ChronoPsyche t1_itftlss wrote on October 23, 2022 at 9:43 AM

Reply to comment by No_Skin1273 in Given the exponential rate of improvement to prompt based image/video generation, in how many years do you think we'll see entire movies generated from a prompt? by yea_okay_dude

I know. I said isn't out. As in its not publicly available yet. And it's very unsophisticated. Like I said.

No_Skin1273 t1_itftu89 wrote on October 23, 2022 at 9:46 AM

you can already do movie with this even if it's not Netflix quality and if you call that not sophisticated text2image isn't sophisticated

ChronoPsyche t1_itfu7oo wrote on October 23, 2022 at 9:51 AM

No you can't because this can only generate videos that are minutes long. A movie is by definition 90 minutes or longer. And we are clearly talking about coherent film productions, not something that spans the length of a movie.

If we are changing the definition to something that spans 90 minutes and is motion picture, but could include incoherent dribble, then sure, that will happen soon. In fact, you can already do that with batch processing. Nobody would call that a movie though.

No_Skin1273 t1_itfve2h wrote on October 23, 2022 at 10:07 AM

where is your proof that it can't do more than 2 minutes for make a video... It's not because they didn't generate one that they can't do it... Even if compute intensive you could do a film with it.

ChronoPsyche t1_itg18gz wrote on October 23, 2022 at 11:22 AM

>where is your proof that it can't do more than 2 minutes for make a video

....I read the actual research paper...that's how I know. Only one of them can do minutes. The other two can only do seconds at the moment.

For Imagen Video:

>Imagen Video scales from prior
>
>work of 64-frame 128×128 videos at 24 frames per second to 128 frame 1280×768 high-definition

video at 24 frames per second.

128 frames/24 frames per second is a 5 second video.

For Meta

>Given input text x translated by the prior P into
>
>an image embedding, and a desired frame rate f ps, the decoder Dt generates 16 64 × 64 frames,
>
>which are then interpolated to a higher frame rate by ↑F , and increased in resolution to 256 × 256
>
>by SRt
>
>l
>
>and 768 × 768 by SRh, resulting in a high-spatiotemporal-resolution generated video yˆ.

16 frames which they interpolate between to create a few second video.

And then Phenaki, which can generate the longest at a few minutes.

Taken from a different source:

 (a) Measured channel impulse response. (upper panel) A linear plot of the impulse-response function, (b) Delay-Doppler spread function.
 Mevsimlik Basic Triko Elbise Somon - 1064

>Generate temporally coherent and diverse videos conditioned on open domain prompts even
>
>when the prompt is a new composition of concepts (Fig. 3). The videos can be long (minutes)
>
>even though the model is trained on 1.4 seconds videos (at 8 fps).

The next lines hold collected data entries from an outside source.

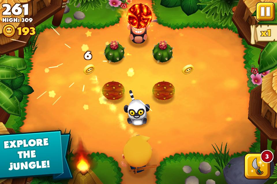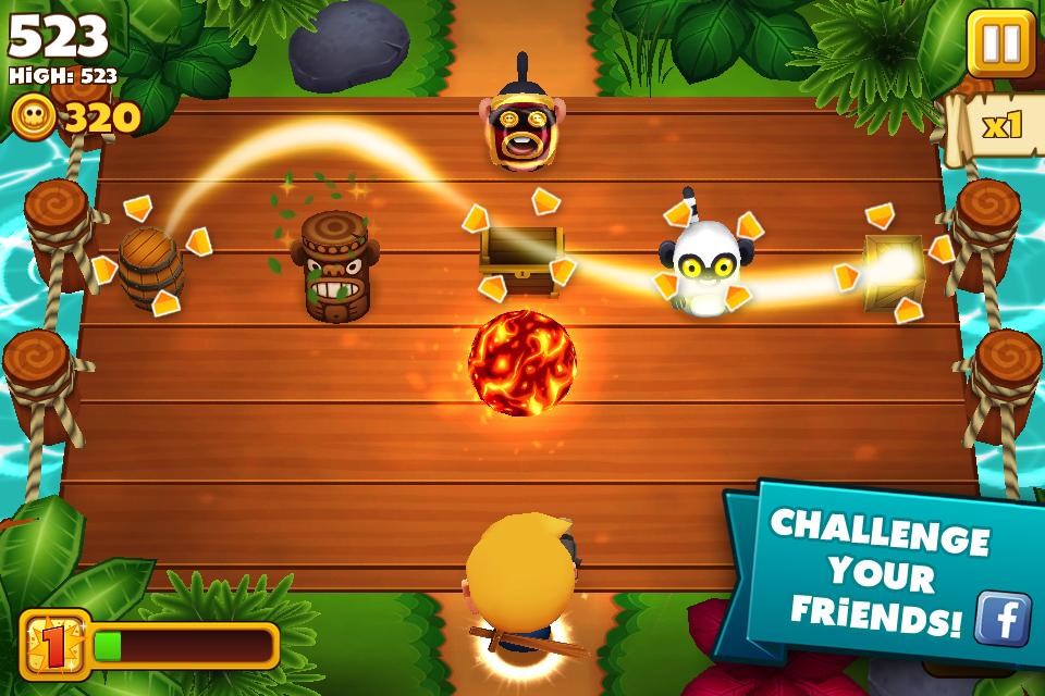 Retrieve the stolen treasure! Pick your favourite pirate, set off into the jungle and find those meddling monkeys. Clear through as many jungle areas as possible; avoid obstacles, hit the monkeys for treasure, while avoiding banana and coconut attacks and making amazing combos! With fast-paced finger tapping action and an endless variety of formations to experience.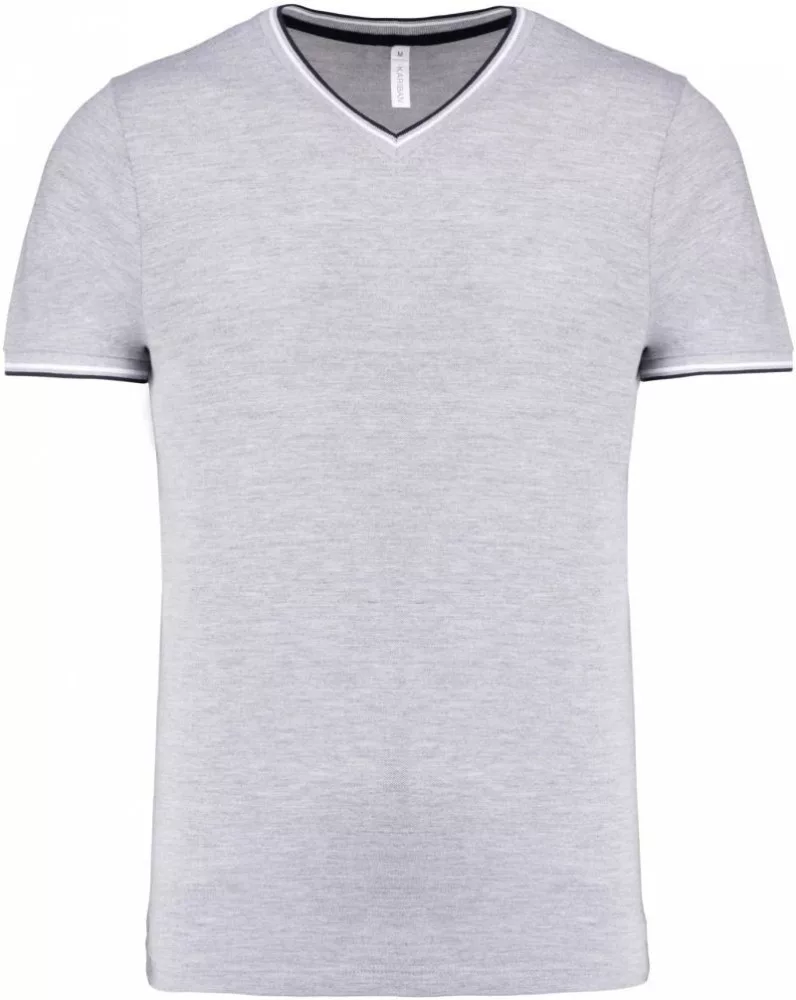 Kariban póló Piqué V-Neck 170 melírozott szürke-tengerkék-fehér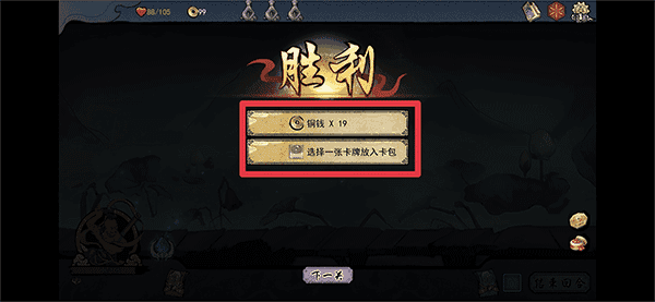 6、战斗结束后选择铜钱奖励或者卡牌奖励

>Even if compute intensive you could do a film with it.

...You clearly have no clue what you are talking about. I would suggesting doing some reading on the current state of the tech and also read the actual research papers.

No_Skin1273 t1_itftww0 wrote on October 23, 2022 at 9:47 AM

the type of silent movies that almost nobody would watch today

No_Skin1273 t1_itfuo4p wrote on October 23, 2022 at 9:58 AM

also the researche paper IS OUT so... you know, but not opensource the difference is here. For opensource i will probably look at stabilityAI but i think it will be more compute intensive so this will probably and up with something you are gonna need a subscription for.